DC 3.2.1 Analytical methods or decision limits approved by WADA after consultation within the relevant scientific community and which have been the subject of peer review are presumed to be scientifically valid. Any Athlete or other Person seeking to rebut this presumption of scientific validity shall, as a condition precedent to any such challenge, first notify WADA of the challenge and the basis of the challenge. CAS on its own initiative may also inform WADA of any such challenge. At WADA’s request, the CAS panel shall appoint an appropriate scientific expert to assist the panel in its evaluation of the challenge. Within 10 days of WADA’s receipt of such notice, and WADA’s receipt of the CAS file, WADA shall also have the right to intervene as a party, appear amicus curiae, or otherwise provide evidence in such proceeding.

DC 3.2.2 WADA-accredited laboratories, and other laboratories approved by WADA, are presumed to have conducted Sample analysis and custodial procedures in accordance with the International Standard for Laboratories. The Athlete or other Person may rebut this presumption by establishing that a departure from the

International Standard for Laboratories occurred which could reasonably have caused the Adverse Analytical Finding. If the Athlete or other Person rebuts the preceding presumption by showing that a departure from the International Standard for Laboratories occurred which could reasonably have caused the Adverse Analytical Finding, then FINA or the Member Federation shall have the burden to establish that such departure did not cause the Adverse Analytical Finding.

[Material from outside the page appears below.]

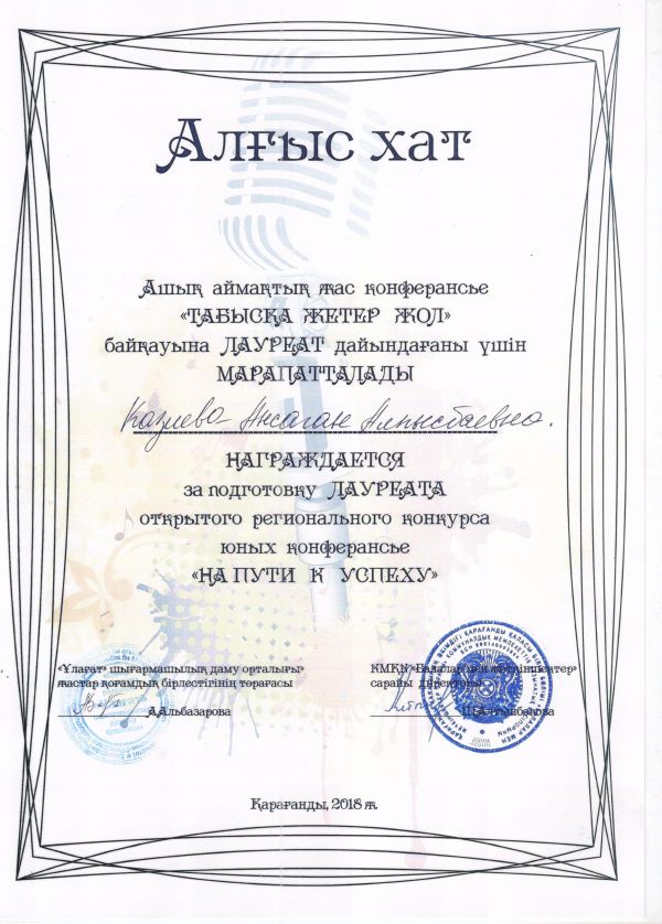 "Ұлағат" шығармашылық даму орталығының" жүргізуімен ұйымдастырған "Табысқа жетер жол" жас конференсье -- жүргізушілердің ашық аймақтық байқауына белсене қатысып III дәрежелі…

[Comment to DC 3.2.2: The burden is on the Athlete or other Person to establish, by a balance of probability, a departure from the International Standard for Laboratories that could reasonably have caused the Adverse Analytical Finding. If the Athlete or other Person does so, the burden shifts to FINA or its Member Federation to prove to the comfortable satisfaction of the hearing panel that the departure did not cause the Adverse Analytical Finding.]

DC 3.2.3 Departures from any other International Standard or other anti-doping rule or policy set forth in the Code or these Anti-Doping Rules which did not cause an Adverse Analytical Finding or other anti-doping rule violation shall not invalidate such evidence or results. If the Athlete or other Person establishes a departure from another International Standard or other anti-doping rule or policy which could reasonably have caused an anti-doping rule violation based on an Adverse Analytical Finding or other anti-doping rule violation, then FINA or its Member Federation shall have the burden to establish that such departure did not cause the Adverse Analytical Finding or the factual basis for the anti-doping rule violation.

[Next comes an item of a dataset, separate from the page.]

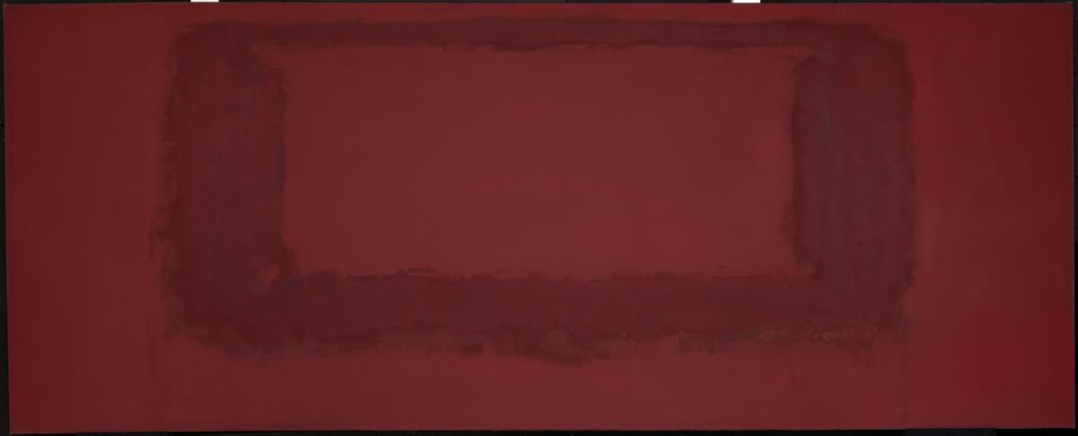 Red on Maroon is a large unframed oil painting on a horizontally orientated rectangular canvas. The base color of the painting is a vibrant crimson. This is overlaid with a large maroon rectangle, which in turn encloses a smaller red rectangle, suggesting a window-like structure. The maroon paint forms a solid block of color but the edges seep slightly, blurring into the areas of red. Different pigments have been used within the red, blending shades of crimson and carmine. This changing tone gives a sense of depth in an otherwise abstract composition.

DC 3.2.4 The facts established by a decision of a court or professional disciplinary tribunal of competent jurisdiction which is not the subject of a pending appeal shall be irrebuttable evidence against the Athlete or other Person to whom the decision pertained of those facts unless the Athlete or other Person establishes that the decision violated principles of natural justice.

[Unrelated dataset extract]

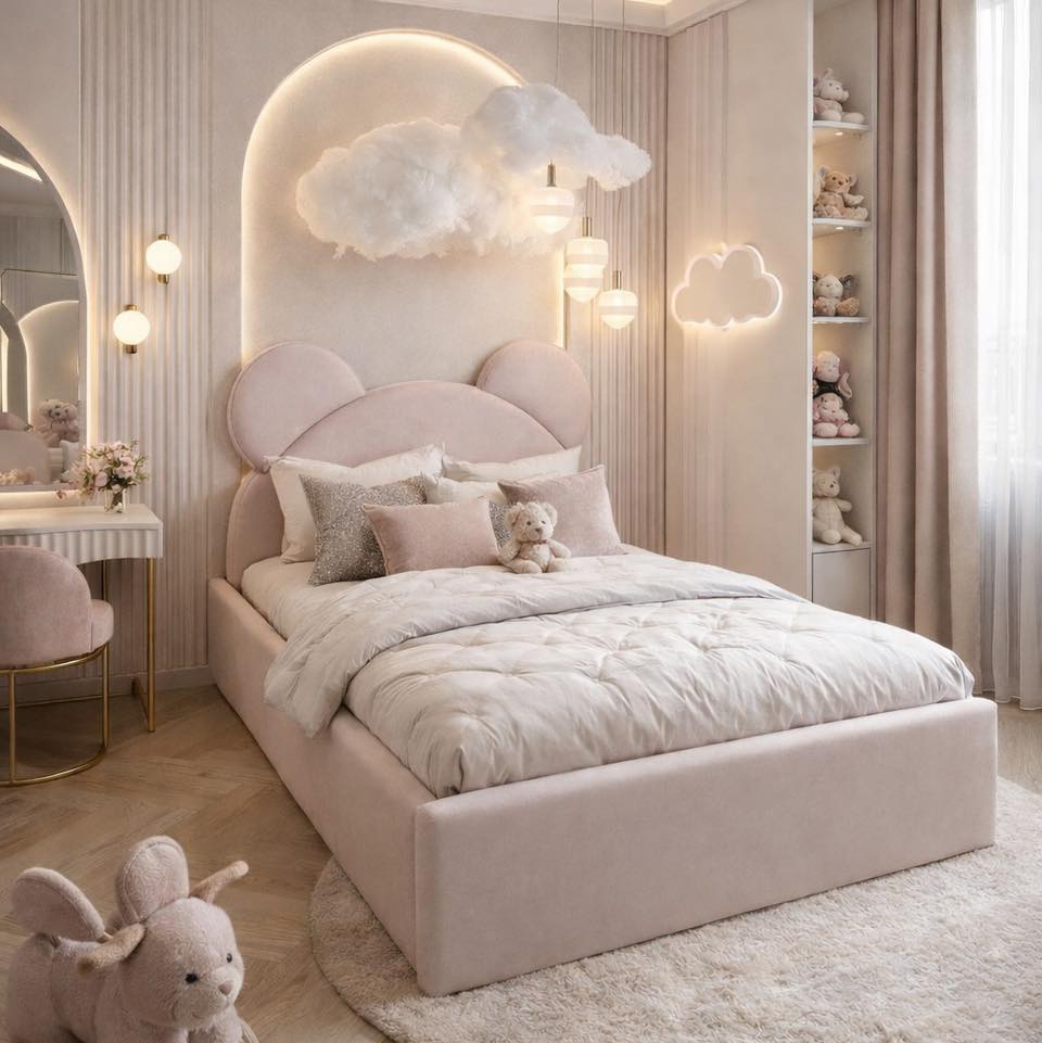Łóżko tapicerowane Miś Teddy – urocze, bezpieczne i personalizowane łóżko dziecięce z zagłówkiem w kształcie misia. Idealne miejsce do snu i zabawy Twojego dziecka.

DC 3.2.5 The hearing panel in a hearing on an anti-doping rule violation may draw an inference adverse to the Athlete or other Person who is asserted to have committed an anti-doping rule violation based on the Athlete’s or other Person’s refusal, after a request made in a reasonable time in advance of the hearing, to appear at the hearing (either in person or telephonically as directed by the hearing panel) and to answer questions from the hearing panel or from FINA or its Member Federation asserting the anti-doping rule violation.